Employees of private security companies are required to report any information that could harm national security or disrupt law and order during their operations
Myanmar’s military government has introduced the Private Security Services Law, granting private security firms the right to apply for licences to carry weapons and ammunition while mandating cooperation with state security agencies when required. The law, enacted on 18 February and signed by junta chief Min Aung Hlaing, marks a significant move towards regulating the private security sector in the country.
The legislation requires private security firms to secure a licence within six months of its enactment. The new framework is designed to tighten restrictions on the sector while ensuring systematic cooperation between private security providers and state security forces. The law seeks to prevent the misuse of private security services amid ongoing political unrest in Myanmar.

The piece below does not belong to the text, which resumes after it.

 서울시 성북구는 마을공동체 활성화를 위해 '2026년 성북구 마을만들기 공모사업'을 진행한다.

Under the provisions, licensed security companies must collaborate with military security organisations under the supervision of relevant committees. Security firms are obliged to submit detailed information about their male and female security personnel, including personal details. The junta reserves the authority to inspect security personnel and conduct training sessions if deemed necessary.

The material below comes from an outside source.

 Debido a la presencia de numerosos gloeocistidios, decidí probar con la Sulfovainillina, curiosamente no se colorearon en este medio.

Employees of private security companies are required to report any information that could harm national security or disrupt law and order during their operations. Failure to comply could result in up to two years in prison, a fine of 300,000 kyats, or both. The Central Committee will review all applications for weapon and ammunition licences before seeking final approval from the National Defence and Security Council.
The legislation also stipulates that businesses or subsidiaries employing more than 10 private security personnel must obtain a permit, even if their primary operations are unrelated to private security services. Foreign security firms operating in Myanmar are required to hire at least 75 per cent Myanmar nationals as security personnel.
Violations of the law carry stringent penalties. Companies operating without a licence, or those found purchasing, selling, or transferring business operations without Central Committee approval, could face up to three years in prison and fines of up to 10 million kyats. Organisations may be subject to fines ranging from 100 million to 300 million kyats for non-compliance.
Refusal to cooperate with the junta’s security directives is punishable by up to two years in prison or a fine of 50 million kyats. Companies found guilty of this offence face fines between 50 million and 100 million kyats.
As a financial safeguard, licence applicants must deposit at least 100 million kyats as business insurance with the Myanmar Economic Bank for the duration of their operation. Foreign firms must provide the equivalent amount in foreign currency as a fixed deposit.
According to the Myanmar Centre for Responsible Business’s 2022 report, more than 120 private security firms operate in the country, with 115 registered under the Directorate of Investment and Company Administration (DICA).
The law follows a 2021 coup that saw China propose a joint Myanmar-China security company, prompting the junta to establish a working committee in October 2024 to draft a memorandum of understanding for the venture.
The introduction of the Private Security Services Law signals the junta’s intent to consolidate control over private security operations while addressing security concerns amid ongoing political turmoil.